From concrete and steel to bricks and bamboo, the materials used to construct the buildings people live and work in are wide and varied.
As technology develops at a rapid pace it's perhaps counterintuitive to think that timber, a material which has been used in buildings for thousands of years, could have a role to play in the future. The reality, however, is a little different.
In Vancouver, Canada, timber has played a crucial part in the construction of a building called Ronald McDonald House.
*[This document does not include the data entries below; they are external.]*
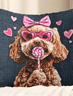Capa de almofada rosa com estampa plana 2D para o Dia dos Namorados, com cervo usando laço, segurando rosas e piscando o olho. Design fofo e decorativo, perfeito para decorar sofás e camas.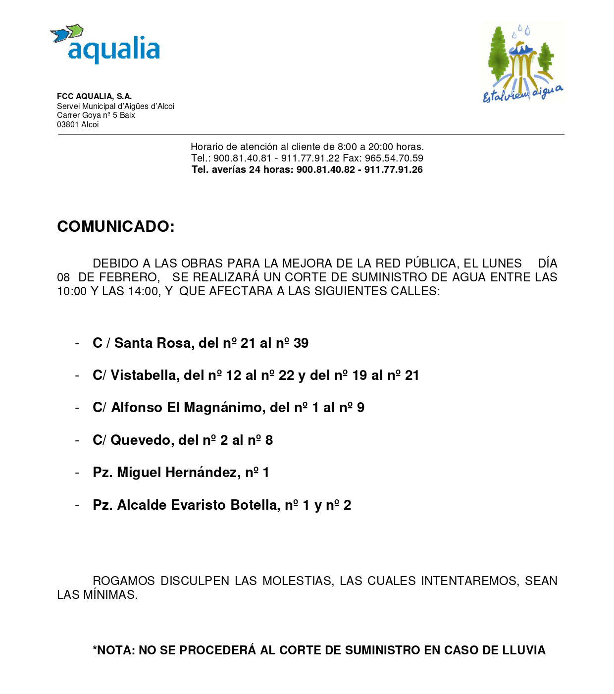8 febrero, 2021La empresa Aqualia S.A. informa que debido a las obras para la mejora de la red pública, hoy Lunes día 08 de Febrero se procederá a un corte de suministro de agua entre las 10:00 y las 14:00 horas en las siguientes direcciones: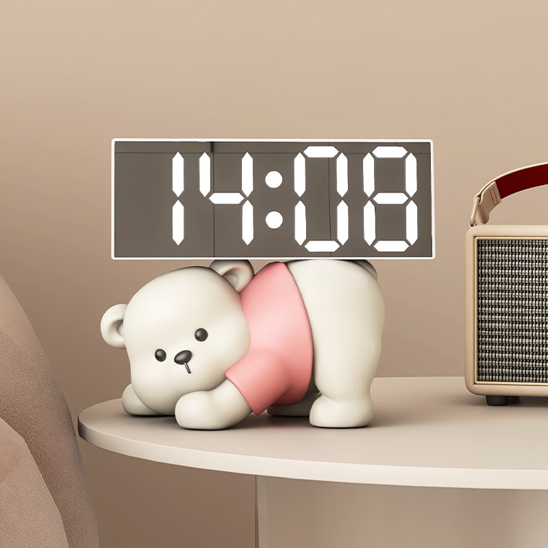 高颜值熊时钟摆件小闹钟创意客厅神器桌面数字电子钟表摆放式台式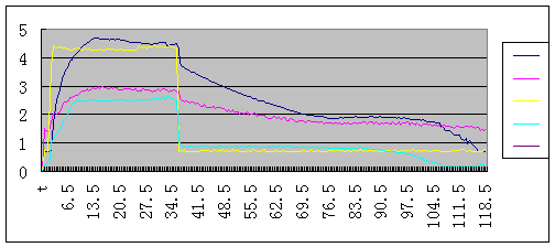 注:深藍—輸入軸轉(zhuǎn)速,黃—節(jié)氣門開度,紫紅—發(fā)動機轉(zhuǎn)速,淺藍—電磁離合器電流

Opened in 2014 and located within the grounds of the BC Children's Hospital, it provides accommodation for the families of children being treated for serious illnesses.
The building was designed by Michael Green Architecture (MGA) and its founder and principal told CNBC's Sustainable Energy that it used a material called cross-laminated timber, or CLT.
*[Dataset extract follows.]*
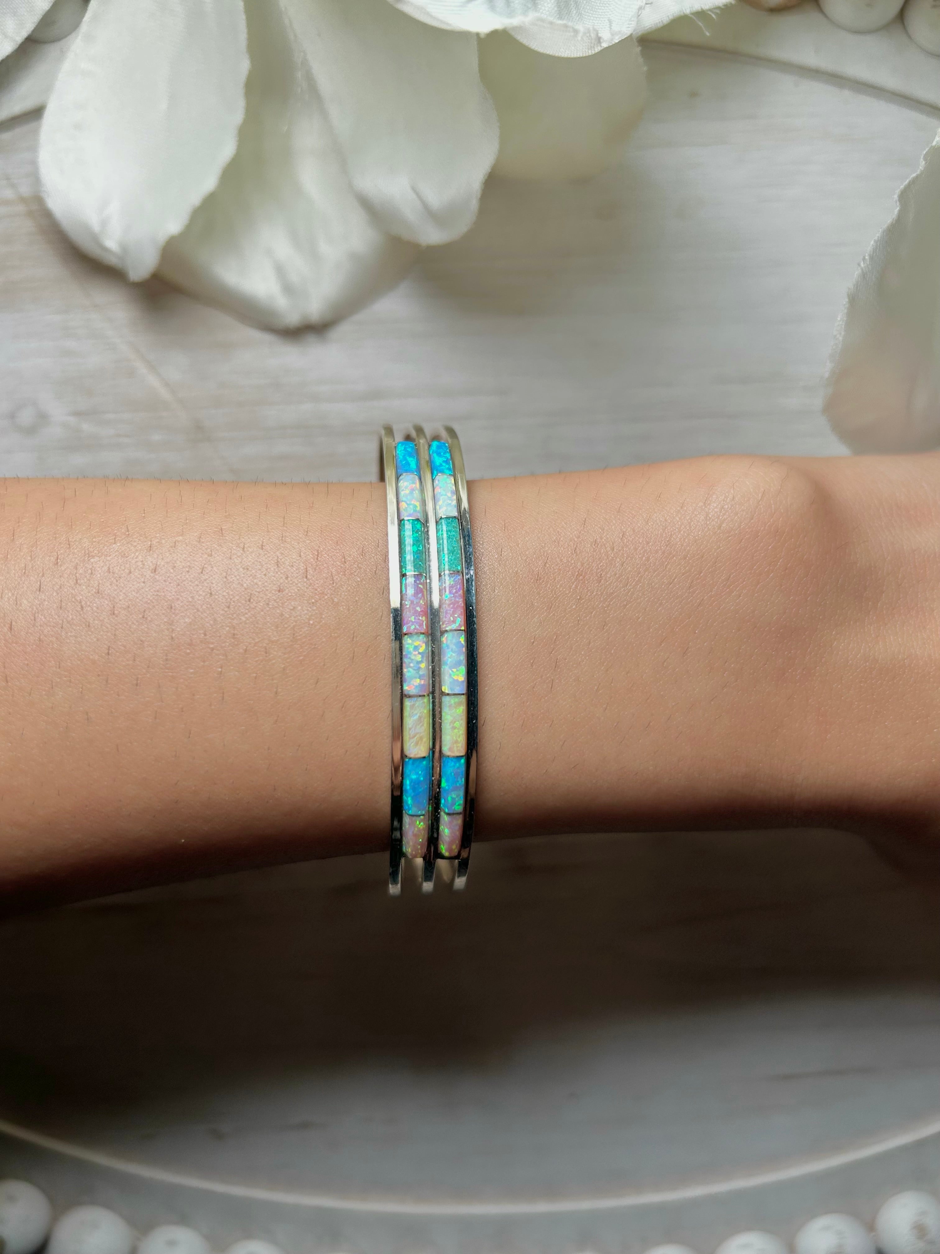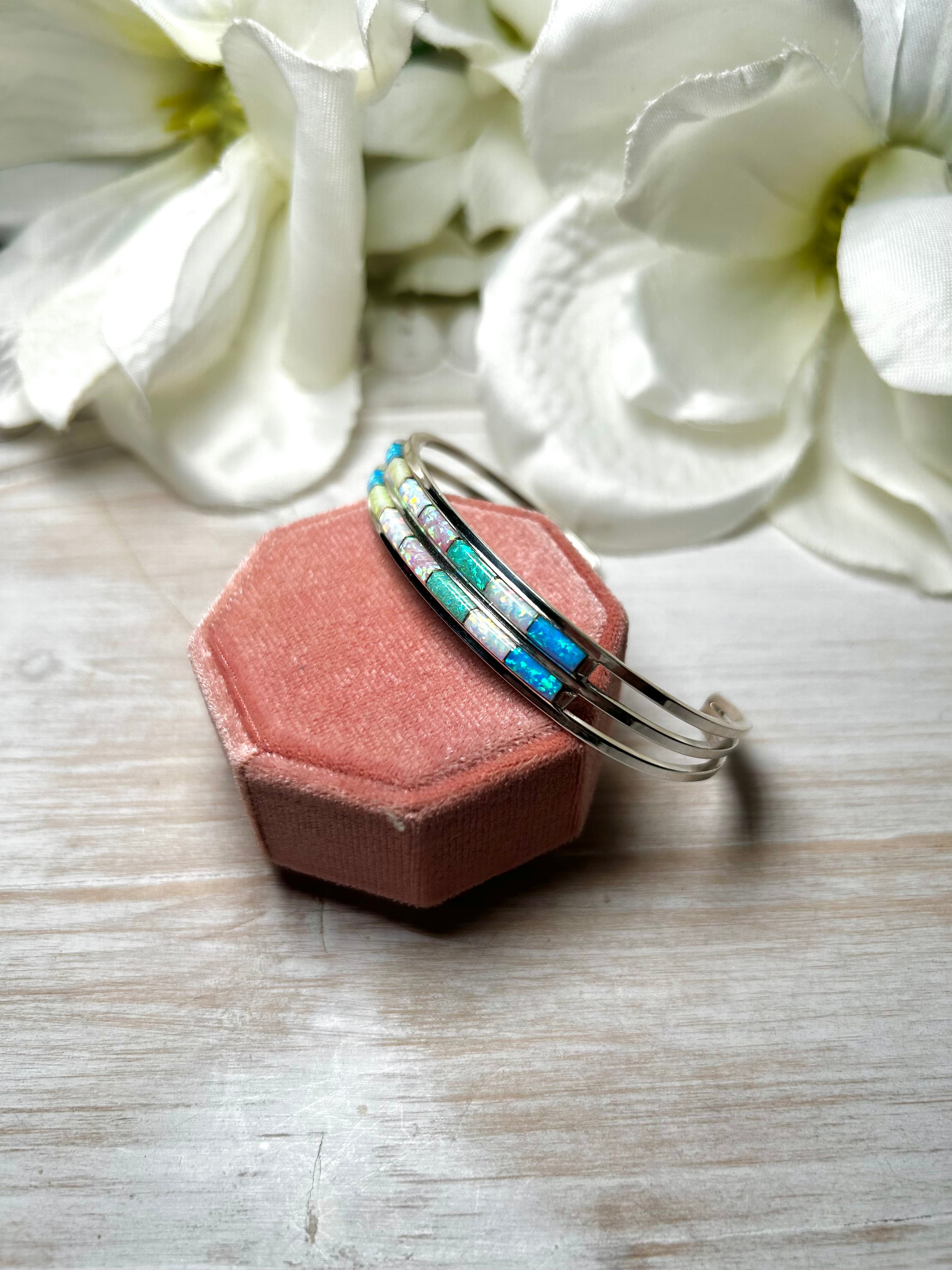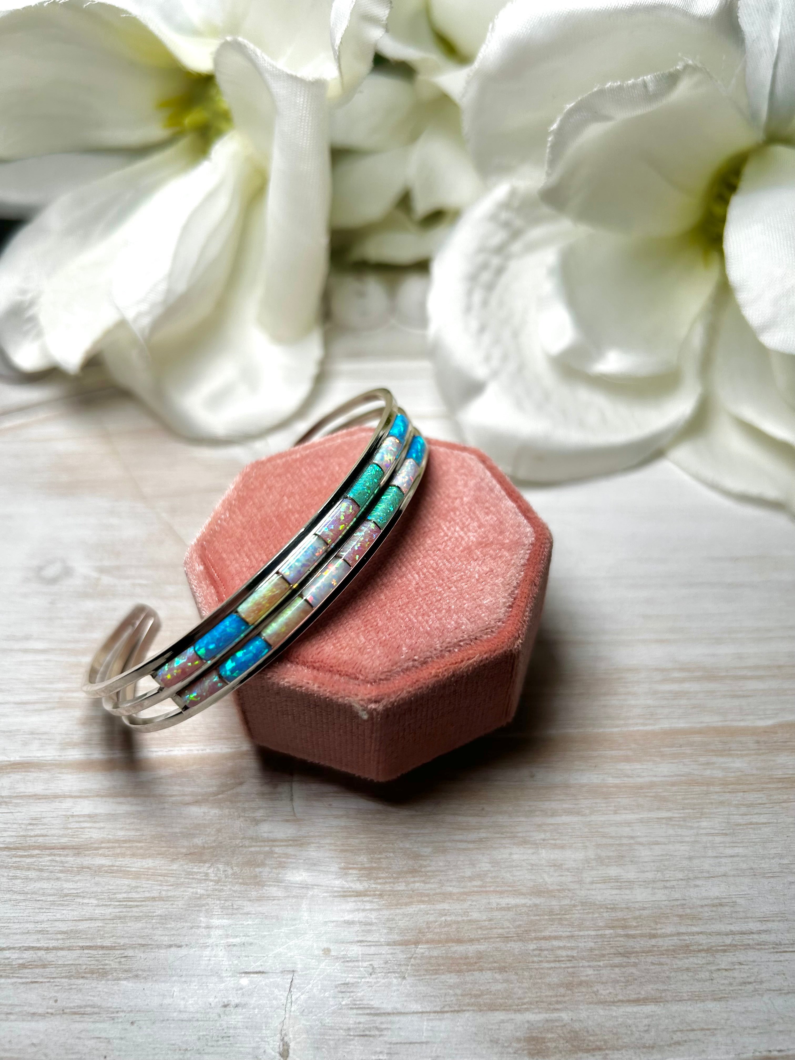 Navajo Man-Made Opal & Sterling Silver Cuff Bracelet. It measures 3/8 of an inch wide with an inside circumference of 5 3/8 inches and a gap of 1 1/8 inches. Stamped sterling silver.

"And what it is, is taking small pieces of wood, gluing them together at right angles to each other to make these giant panels, ten feet wide, sixty feet long, massive panels," Michael Green explained.
"And what that does, by making them so big, is it allows us to tilt-up and build this building very quickly, very efficiently and very robustly, which is what we want to do. It's a building that we want to last for centuries."
The exterior of the wood used to construct Vancouver's Ronald McDonald House has been wrapped in brick to protect it from the elements.
It's the latest in a number of interesting structures using timber that have been developed in the last few years.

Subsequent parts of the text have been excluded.